Our 2024 summer project "Research" focused on long-report generation with a "progressive" approach. It began by creating a TOC in sync, then generated all sections in parallel async. The process concluded with async progressive revisions of each section, with each revision taking into account the content of all other sections. The query in the video is "Competitor analysis of Jina AI".

💡

We didn't release our re-search project for several reasons. First, the report quality never met our standards. We kept testing two queries that we know inside out—competitor analysis of Jina AI and product strategy of Jina AI—and the reports were mediocre at best; we didn't find any "aha" moments in them. Second, search grounding was really bad. Hallucinations were quite severe. Finally, the overall readability was poor, with significant redundancy between sections. Shortly put: useless. And since it gives a long report: useless and time-wasting.

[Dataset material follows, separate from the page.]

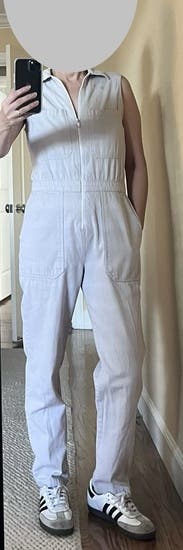 I am usually wear a small or a medium so I rented the small to start and OH BOY! I couldn’t even get close to zipping the jumpsuit up. Ooof. I got my legs in and that was it. Thankfully I was able to exchange it for a different size and I sized up to a large. I am glad I did because the large was the right fit. I like the utility jumpsuit look and this did not disappoint. The color gave it a nice feminine touch.

From this project, we learned several things that evolved into different sub-products. For example, we realized the importance of search grounding and fact-checking on section or even sentence level, which led us to later develop the g.jina.ai endpoint. We recognized the importance of query expansion, which prompted us to invest effort in training an SLM for query expansion. Lastly, we loved the name "re-search"—a clever play on reinventing search while nodding to research report generation—and felt it was too good to waste, so we repurposed it for our 2024 yearbook campaign.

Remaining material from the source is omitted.